Where does political correctness end? Will atheists demand that the reference ‘God keep our land …’ in the national anthem be changed to religion-free phrasing because it offends their sensibilities?
In time, our Canadian culture and identity – more accurately, social conventions – will be sterilized to the point that we won’t have anything to point to and say that these things represent us and we hold them sacred. Those who are offended and take exception to our Canadian culture and identity – our social conventions – will be responsible for making society sterile and meaningless with their sanitized political correctness.
What is so wrong with “sons” in the national anthem?
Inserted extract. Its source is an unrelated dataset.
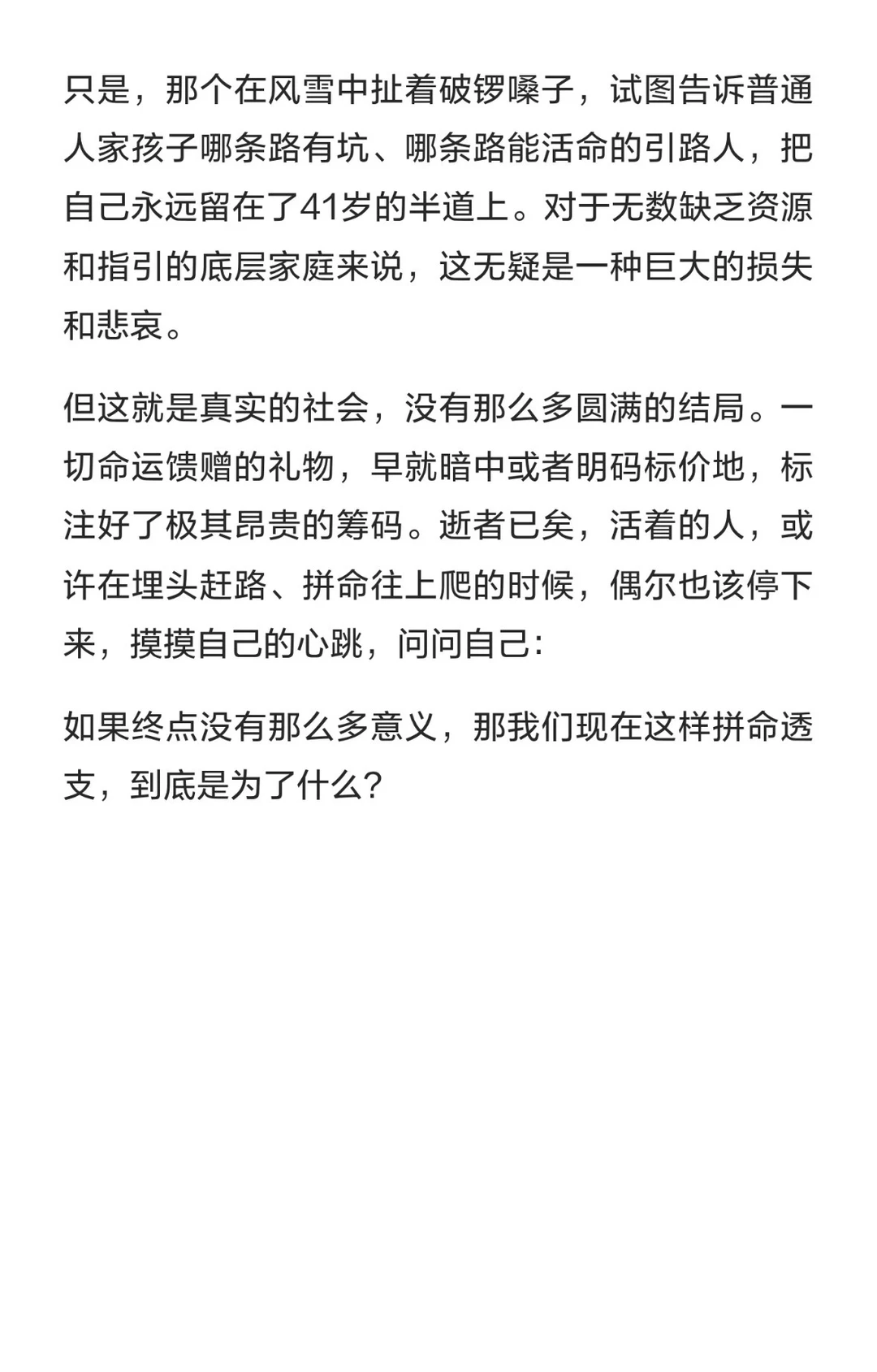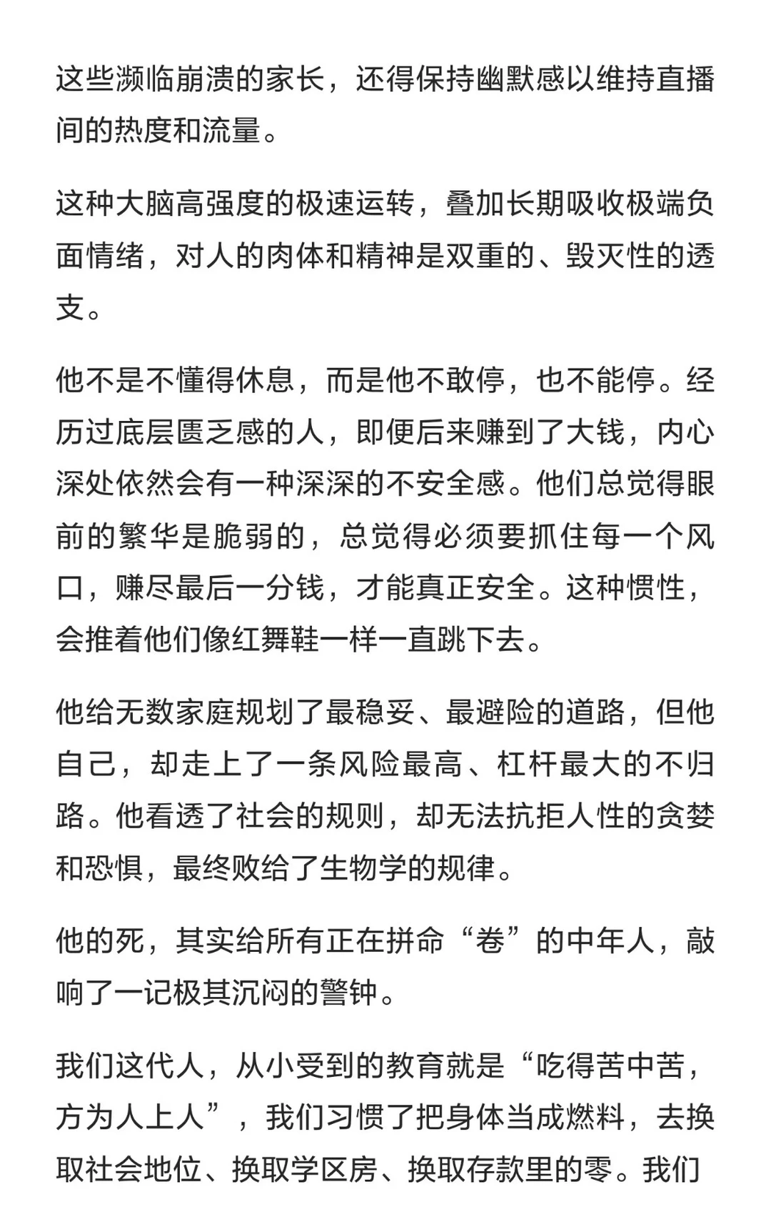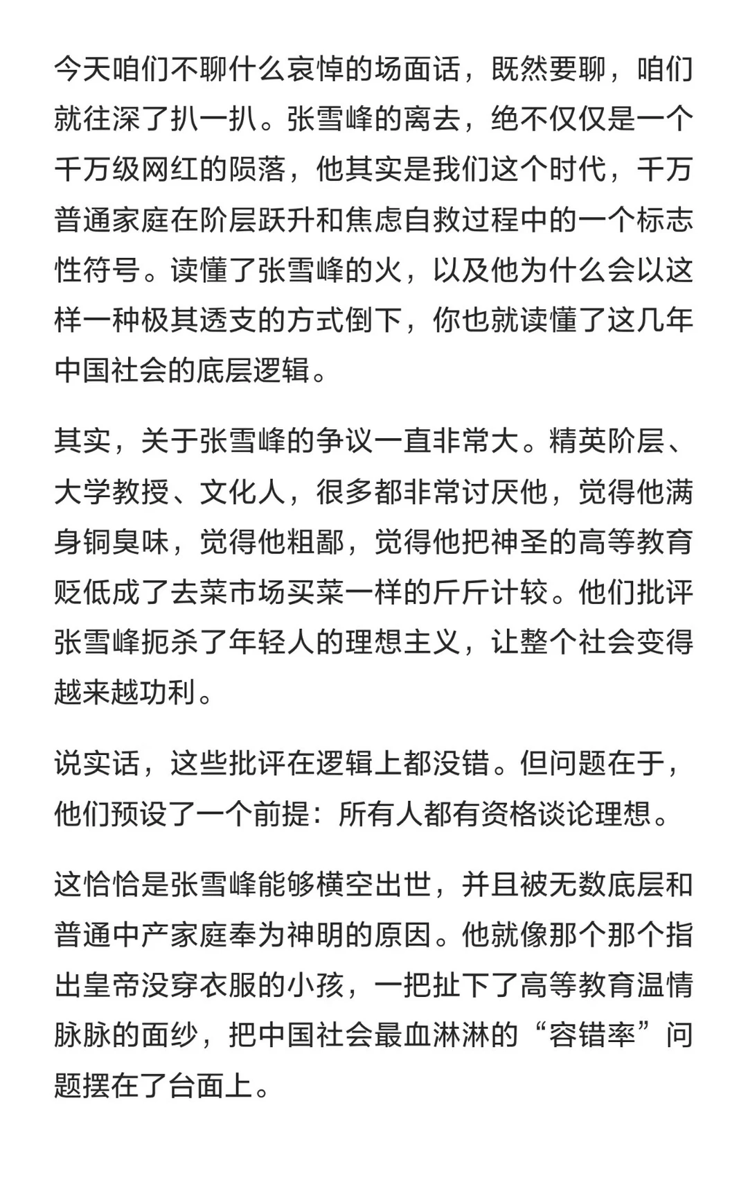 张雪峰通过直播为普通家庭提供高考志愿指导,帮助他们应对升学焦虑。他的离去揭示了中国社会中不同家庭在阶层跃升中的巨大差异,提醒人们在追求成功时,健康与平衡同样重要。 来源:乔松观 ·
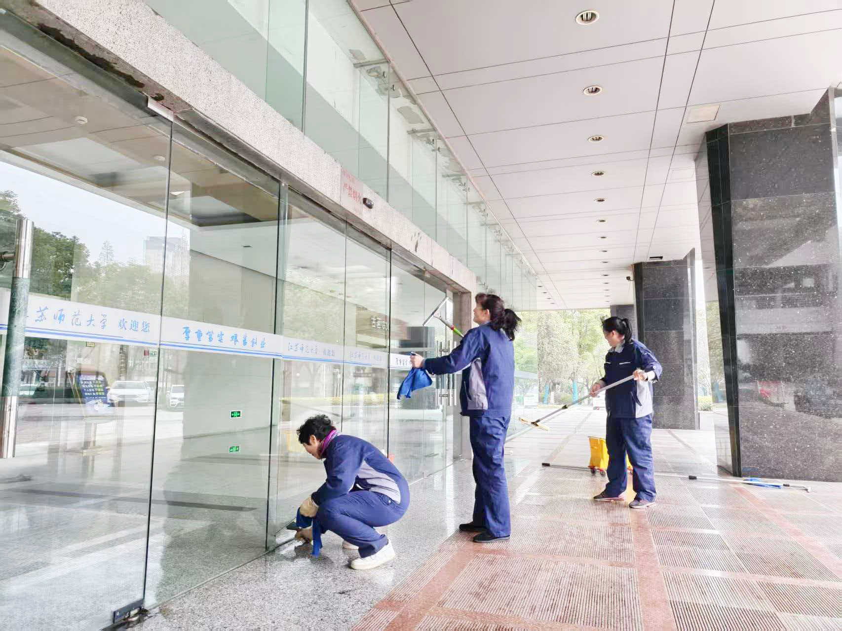精细保洁,营造育人环境。从室内到公共区域,从墙面到地面,逐一清扫、不留死角,重点对中心管理的402间教室、57间机房、10000余平方米自习空间及教学楼内的公共区域、卫生间、杂物间、会场等进行了全面深度保洁;协助信资处完成多媒体教室的多媒体设备更新工作;全面排查设施设备,及时补充粉笔、更换板擦,细致入微提升服务品质,为师生打造整洁温馨的学习空间。

There are songs with “father,” “mother” and “daughter” in them – male and female references – that would be meaningless without them.
Will the political correctness crowd demand that they be sterilized into gender neutrality as well?
My statements aren’t to be construed as sexist and egotistical, nor are they part of the “Old Boys Club” mentality.
I am simply saying that you can have patriarchal pronouncements, such as the one found in the national anthem or matriarchal pronouncements and still be respectful of all. You don’t have to tear down or erase the patriarchal or matriarchal elements.
And if the political correctness crowd is making the issue about inclusiveness, then my position still stands. Patriarchs and matriarchs can and should be inclusive of each other, while still having their separate positions.
I can also argue that the Edmonton Eskimos team name should not be changed for political correctness. I don’t see the reference ‘Eskimos’ as racist, offensive or slighting the identified people of northern Canada. In fact, that team name is a pronouncement to them, that they are part of the Canadian identity and culture.
And while he may be considered controversial, kudos to U of T professor, Jordan Peterson for his stance against Trudeau’s Bill C-16, particularly on the concepts of “gender identity” and “gender expression.” Two years ago, he was denied a federal grant application for insisting to continue to use the words “him” or “her,” which he adds, could become a crime under Bill C-16, even a hate crime.
How can it become a hate crime to use “him” or “her” in oral and written speech? If I choose to use those words, it’s just a standard practice that I have always followed.
I think the imposition of “gender identity” and “gender expression” is not only heavy-handed on the part of government, it can be deemed Orwellian as a “thought crime.”
So, I say no to ‘In all of us command,’ no to political correctness and yes to retaining social convention and pronouncements that are part of the Canadian identity.